Quando un ragazzo chiede aiuto, va ascoltato. Sempre.
Non è facile essere i genitori di un adolescente, soprattutto se la fase che sta attraversando è particolarmente burrascosa o problematica. Non è facile capirlo quando si chiude in un silenzio ostinato, interpretarne i segnali spesso così contraddittori. Non è facile leggere dietro a delle continue provocazioni una richiesta d’aiuto, intuire che un sintomo o un cambiamento rispetto ai “soliti” modi di fare nasconde una sofferenza più profonda. Può sfuggire anche al genitore più attento, perché tipico dell’adolescenza è comunicare ciò che si sente attraverso una miriade di modi non sempre direttamente comprensibili, mentre si cerca pian piano di imparare le parole per definirlo anche a se stessi.
Ecco perché quando un ragazzo o una ragazza chiede esplicitamente aiuto va sempre preso sul serio: anche quando agli occhi di un adulto sembra un “capriccio”, o un’esagerazione.

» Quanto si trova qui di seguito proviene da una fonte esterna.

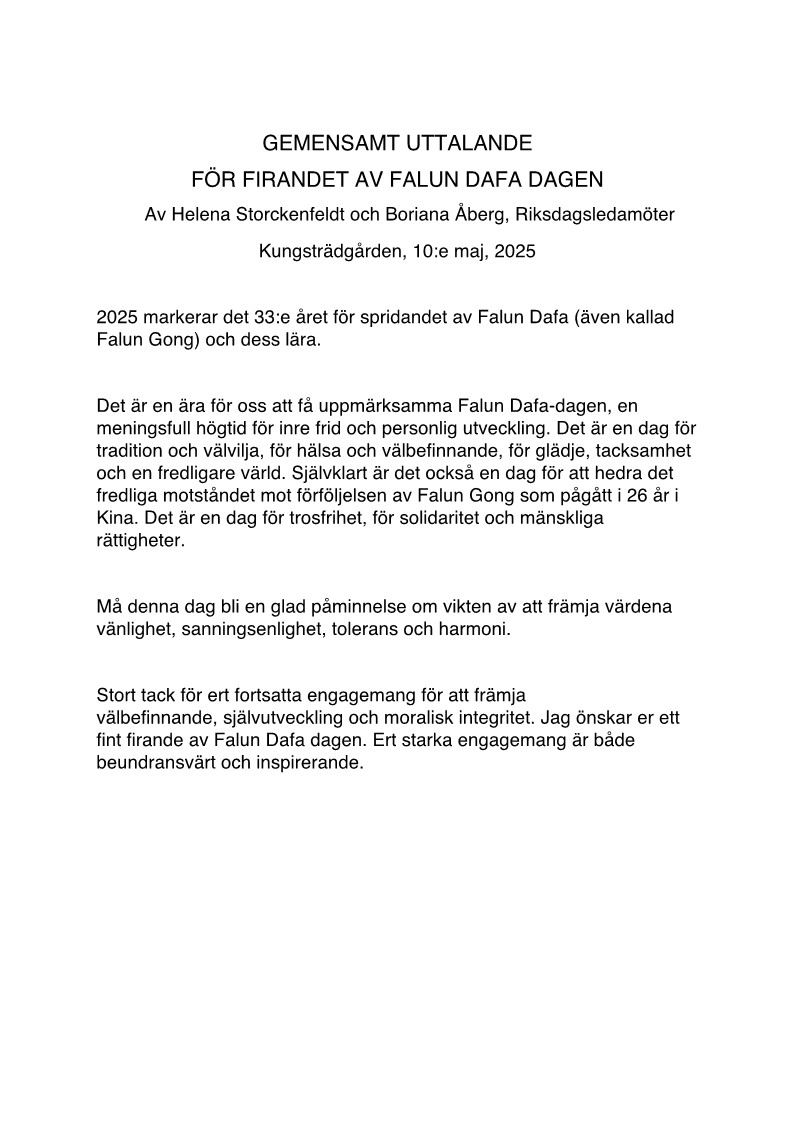 Poslanica Helena Štorkenfeldt i poslanica Borjana Oberg napisale su: „2025. godina obeležava 33. godinu širenja Falun Dafe (takođe poznatog kao Falun Gong) i njegovih učenja.

Se arriva a dirlo, significa che è importante, che ci sta pensando da parecchio tempo (probabilmente da più di quello che sembra dall’esterno), e che ha proprio bisogno di una mano. Non liquidiamolo quindi come un problema sciocco, o qualcosa che “tutti vivono alla tua età”, ma ascoltiamolo e aiutiamolo a capirci qualcosa di più.

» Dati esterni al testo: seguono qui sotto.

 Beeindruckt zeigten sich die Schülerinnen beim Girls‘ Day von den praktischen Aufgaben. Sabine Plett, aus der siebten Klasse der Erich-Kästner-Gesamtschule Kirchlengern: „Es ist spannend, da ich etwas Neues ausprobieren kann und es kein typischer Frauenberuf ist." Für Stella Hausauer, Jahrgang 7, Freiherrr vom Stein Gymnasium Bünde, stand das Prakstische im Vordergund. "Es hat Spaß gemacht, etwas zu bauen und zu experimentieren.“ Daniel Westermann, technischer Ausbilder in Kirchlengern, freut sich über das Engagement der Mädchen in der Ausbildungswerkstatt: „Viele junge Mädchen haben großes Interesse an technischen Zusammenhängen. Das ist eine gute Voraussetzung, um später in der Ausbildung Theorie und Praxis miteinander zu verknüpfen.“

Questo vale anche quando i ragazzi chiedono di poter parlare con una specialista: un medico, uno psicologo o uno psicoterapeuta. Mi capita spesso di sentire, purtroppo, che questa idea cada inascoltata. Accoglierla non significa necessariamente accontentarla (questo lo si potrà valutare insieme, eventualmente anche con il professionista), ma prima di tutto cercare di capire cosa non va dal punto di vista del figlio, di cosa sente di aver bisogno, perché ha pensato proprio a quella figura professionale.

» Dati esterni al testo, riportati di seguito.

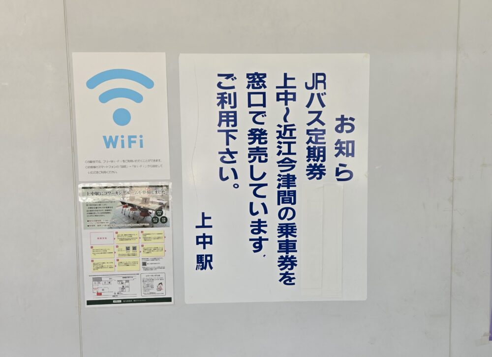駅舎内には西日本JRバスの運行する若江線(じゃっこうせん)の時刻表がある。お昼前から夕方にかけて1時間に1本。湖西線の近江今津駅から上中駅を経由して小浜駅とを結ぶ。運行時間帯だけを考えると小浜線より本数は多い。そして路線バスをJRが運行しているのがポイントでもある
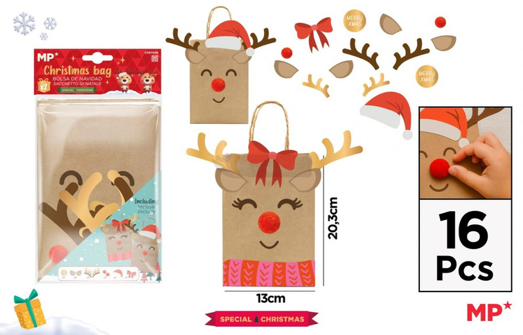 Zestaw 2 torebek "kraft" o gramaturze 120gr/m2z jednostronnym nadrukiem w pełnym kolorze. Wzór renifer chłopiec i dziewczynka.

Talvolta sono gli stessi genitori ad essere vittime, a loro volta, dei pregiudizi sul mondo psy, del tipo “dallo psicologo ci vanno i matti, mio figlio non lo è”. No, dallo psicologo non ci vanno i matti e nemmeno (soltanto) chi sta molto male: ci va soprattutto chi desidera stare meglio. No, lo psicologo non incolpa i genitori, né li costringe a lavare i “panni sporchi” nello studio di uno sconosciuto, ma cerca di aiutare tutto il nucleo familiare a far fronte alla sofferenza che talvolta l’adolescente scoperchia. No, portare un figlio dallo psicologo non significa aver fallito come genitori (“dovrei essere in grado io di aiutare mio figlio”), ma cercare alleati per svolgere al meglio il proprio compito.
Del resto, quale miglior lezione per un figlio di mostrargli che anche quelle volte in cui da soli non ce la si fa si può sempre cercare (e trovare) un aiuto per superare gli ostacoli?